Remote sensing image, change detection (CD), self-supervised learning (SSL), semantic-aware representation learning, convolutional neural networks.

I Introduction

Remote sensing (RS) image change detection (CD) is the process of identifying changes of interest in a scene based on multi-temporal RS images captured at different times [1]. The definition of change varies across applications, such as urban expansion [2], agricultural surveys [3], deforestation monitoring [4], disaster damage assessment [5], etc.

The available multi-temporal very high-resolution (VHR) RS images from satellite and aerial data provide possibilities for monitoring land cover changes at a fine scale. CD based on VHR images remains challenging due to two aspects: 1) the complexity of objects in a scene, i.e., objects of the same semantic category may exhibit varying spectral properties in different geospatial locations and seasons, 2) diverse imaging conditions, e.g., sensor characteristics and illumination variances. [6]. A good CD model can identify real changes (e.g., buildings) while ignoring irrelevant changes (e.g., illumination and unconcerned land-cover changes).

Deep learning (DL) techniques have been widely applied in the RS CD task [7]. The success of DL-based supervised models heavily relies on large labeled data. Unfortunately, it is time-consuming and labor-intensive to collect and annotate bitemporal samples that contain changes of interest. Transfer learning is an effective solution to handle the CD labeled data insufficiency. Its basic concept is to leverage the knowledge of a pre-trained model previously trained on a large-scale dataset onto a downstream task that contains relatively small labeled data. ImageNet pre-training is commonly applied in contemporary CD models [8, 9, 10, 11, 12, 13]. Considering the domain gap between natural and RS images may induce sub-optimal representations, a new trend is to pre-train on RS data to learn in-domain representations, including supervised RS pre-training [10, 14, 15] and unsupervised RS pre-training based on self-supervised learning (SSL) [16, 17, 18, 19]. In this work, we focus on supervised RS pre-training via leveraging existing RS data in the RS community. Different from existing supervised pre-training approaches that learn the mapping from the image to the label, we utilize the semantic supervision in a contrastive manner via incorporating it into the SSL framework.

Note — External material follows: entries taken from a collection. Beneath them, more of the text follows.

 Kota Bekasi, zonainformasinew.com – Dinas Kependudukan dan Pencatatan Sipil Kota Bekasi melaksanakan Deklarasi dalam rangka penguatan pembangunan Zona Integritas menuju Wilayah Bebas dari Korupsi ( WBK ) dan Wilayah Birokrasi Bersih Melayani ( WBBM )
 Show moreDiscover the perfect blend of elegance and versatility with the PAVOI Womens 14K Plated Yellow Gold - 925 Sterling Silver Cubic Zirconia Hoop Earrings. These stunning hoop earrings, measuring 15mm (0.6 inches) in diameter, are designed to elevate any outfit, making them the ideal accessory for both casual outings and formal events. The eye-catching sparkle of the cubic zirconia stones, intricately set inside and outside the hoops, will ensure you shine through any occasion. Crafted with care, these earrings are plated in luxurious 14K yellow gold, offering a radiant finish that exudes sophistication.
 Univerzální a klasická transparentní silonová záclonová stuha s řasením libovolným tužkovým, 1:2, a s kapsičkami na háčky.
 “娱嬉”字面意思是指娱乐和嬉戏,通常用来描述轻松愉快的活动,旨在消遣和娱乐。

Contrastive SSL [20, 21] could learn meaningful representations from massive unlabeled data by pulling together representations of semantically similar samples (i.e., positive pairs) and pushing apart those of dissimilar samples (i.e., negative pairs). Very recently, contrastive methods have been introduced in the RS domain [16, 17, 18, 22, 23, 24, 25, 26, 27, 28, 29, 30, 31, 32, 33] and have shown promising performance for the downstream supervised CD task [16, 17, 18].

Most existing contrastive methods in CD express each image view into one representation vector via uniform aggregation of pixel-level embeddings. Different from the object-centered natural image (e.g., ImageNet), typically multiple small objects (e.g., buildings) are located in various positions in a real-world RS image. Contrastive learning on global representations that lack spatial information is not optimal for the downstream CD dense prediction task. Moreover, land cover spatial misalignment between different views (i.e., positive pairs) of the same image via artificial augmentations (e.g., random crop) may further hinder representation learning.

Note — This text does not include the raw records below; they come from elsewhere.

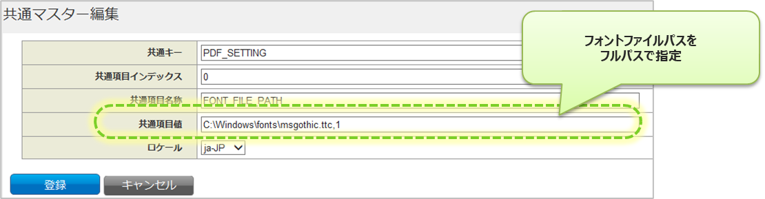 ConMas Managerでダウンロードする入力帳票のPDF、自動出力PDFに書き込むテキストのフォントファイルを、サーバー内のフォントファイルをフルパス指定することで変更できます。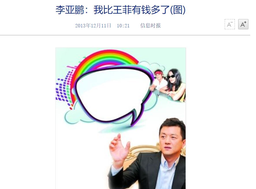 那时的李亚鹏已经与王菲度过了几年的婚姻生活,也一直被冠以“花老婆钱”的名号。虽然李亚鹏不止一次地说过,自己比老婆有钱多了。但是围绕在他身上的焦点,始终绕不过去这个隐晦的话题。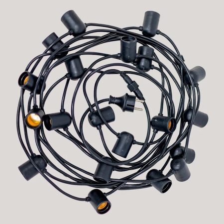 Guirlande câble plat noir longueur 10m, composée de 20 douilles pour ampoules sphériques de couleur avec culot à vis E27. Possibilité de relier plusieurs guirlandes entre elles. Souvent appelées "Guirlande de Guinguette ou guirlande foraine". Attention les ampoules sont à commander à part.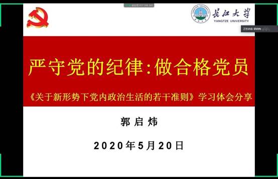 办好中国的事情,关键在党,关键在党要管党、从严治党。党要管党必须从党内政治生活管起,从严治党必须从党内政治生活严起。会上,郭书记结合准则背景,在坚定理想信念、坚持党的基本路线、坚决维护党中央权威、严明党的政治纪律、保持党同人民群众的血肉联系、坚持民主集中制原则、发扬党内民主和保障党员权利、坚持正确选人用人导向、严格党的组织生活制度、开展批评和自我批评等方面进行了详细的解读。他同时将理论联系实际,告诉大家,作为员工党员,更加要坚定理想信念,坚决维护党的领导服从组织,严明党的纪律;从员工中来要回到员工中去,决不允许员工党员欺压普通同学,禁止唯分、唯学习成绩论。并定期开展批评和自我批评,及时改正错误。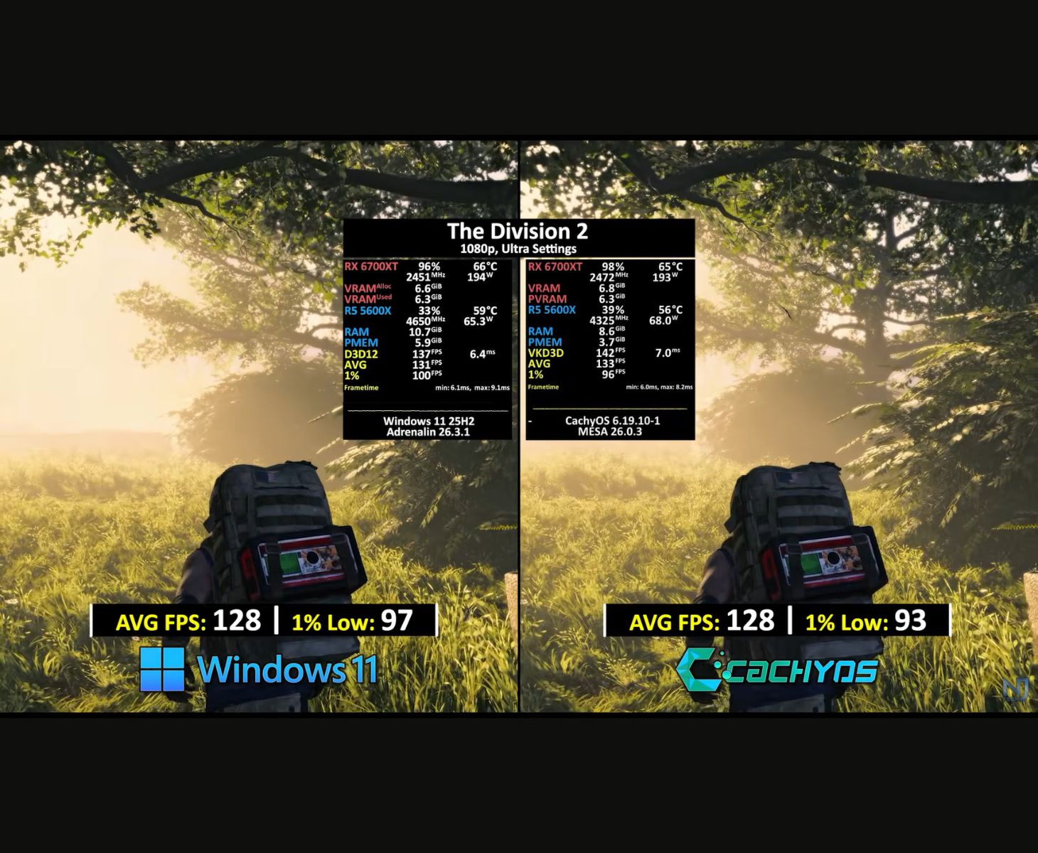 Bununla birlikte, Windows 11, FSR 3 Native ile 1080p Ultra ayarlarda The First Descendant gibi oyunlarda farkı kapattı ve oyunu 63 FPS'de çalıştırırken, CachyOS yalnızca 54 FPS'yi başardı. The Division 2 'yi 1080p Ultra'da çalıştırırken, hem Windows 11 hem de CachyOS 128 FPS'ye ulaşırken, Windows 11 97 FPS ile CachyOS'taki 93 FPS'ye kıyasla %1 daha iyi düşük performans gösterdi.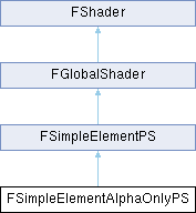 Inheritance diagram for FSimpleElementAlphaOnlyPS:Simple pixel shader that just reads from an alpha-only texture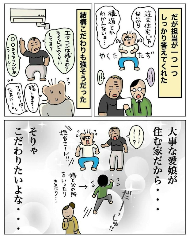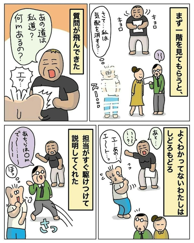 購入を検討しているのはご夫婦ですが、実際に内見に訪れたのは、妻とその父親だったようですね。さらに、専門的な質問の数々に、おおえもんさんもタジタジに…。担当者がしっかり対応してくれたので、よかったですね。

Based on the above observations, we propose semantic-aware dense representation learning for remote sensing image CD. Fig. 1 illustrates the proposed method. Instead of manipulating global representations, we constrain dense consistencies of the per-pixel image embeddings according to the location correspondence in the overlapped area between the two views. Multiple spatially aligned points across views are sampled to achieve dense correspondence. Our motivation is that the introduced point consistency may not only learn the high-level representations invariant to different augmentations (i.e., color and geometry transformations) but also sustain sensitivity to local spatial information, which helps the downstream dense prediction task. Towards semantic-aware representation learning, we obtain class-balanced sample points from each semantic region by leveraging the semantic mask. We follow SimSiam [21] to implement the cross-view (i.e., a positive pair) similarity of the spatially aligned points. We additionally employ a semantic dissimilar loss to push away foreground and background pixels in the embedding space. Such semantic discrimination design helps the downstream model to identify objects of interest (i.e. foreground). Apart from two views by basic augmentations to the image, we generate the third view via background swap to achieve consistent foreground representations invariant to irrelevant background changes. The synthetic view of the current image is generated by blending its foreground and the background from another image using the semantic mask.

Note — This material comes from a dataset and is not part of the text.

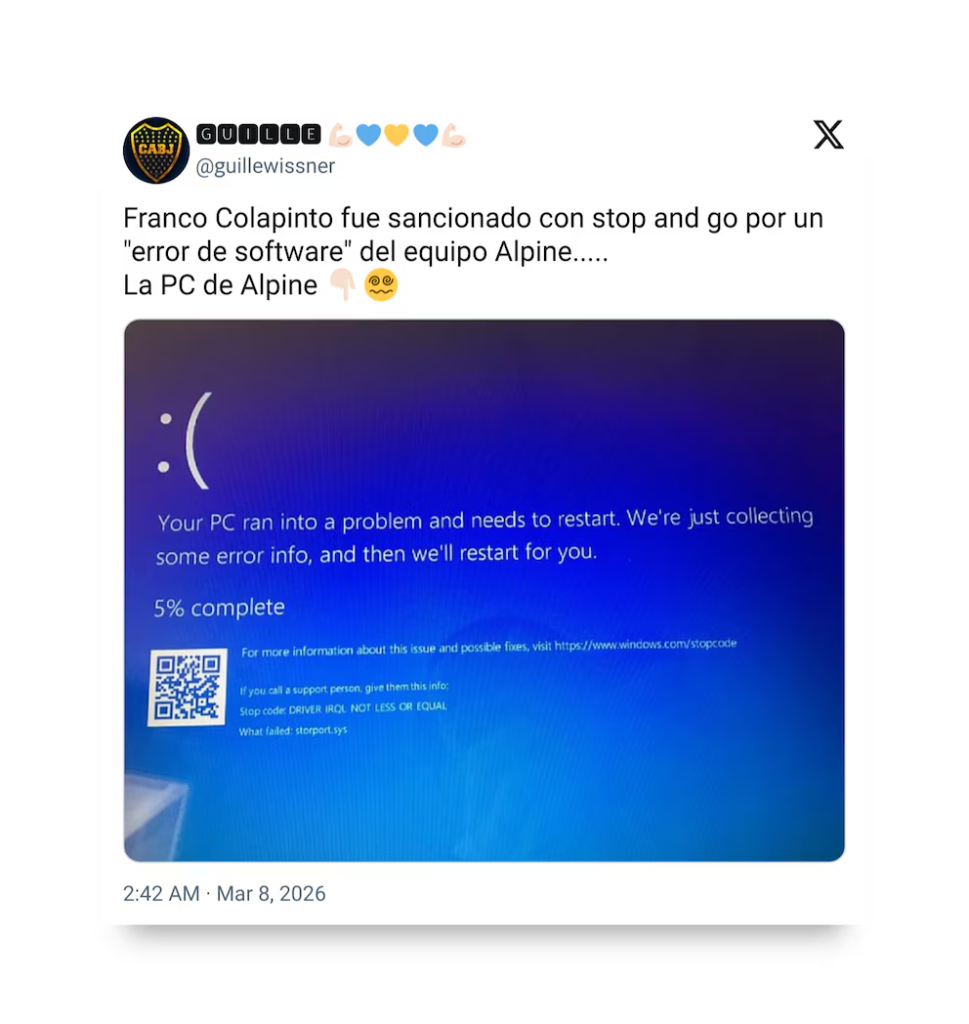 No obstante, en las redes, los fanáticos sudamericanos, que vivieron la carrera de madrugada, apuntaron contra el equipo francés y su cara visible, el italiano Flavio Briatore, por el error que le costó la penalización a Colapinto y los problemas en la clasificación.

We collect a pre-training dataset that contains large-scale RS images and corresponding building semantic masks. Notably, we leverage image-mask pairs freely available in RS society [34]. Our proposed method is evaluated on three public change detection datasets [2, 35, 36]. Extensive experiments on the downstream CD task verify the effectiveness of the proposed pre-training.

Refer to caption — Figure 1: Illustration of our semantic-aware dense representation learning. Our framework follows SimSiam [21] to use simple Siamese networks to learn meaningful image representations. Instead of constraining image-level consistency, we achieve point-level cross-view consistency to sustain spatially sensitive features. An equal number of points for each category are sampled from the overlapped region between views by leveraging the semantic mask. We learn an embedding space where points from different semantic regions are pushed apart and those spatially aligned points across views are pulled together. Apart from two views via basic artificial augmentations, we generate a third view via the background swap, thus learning illumination invariant representations as well as consistent foreground representations invariant to unconcerned background changes. For simplicity, we omit the symmetrized cross-view similarity loss computed by exchanging the two views.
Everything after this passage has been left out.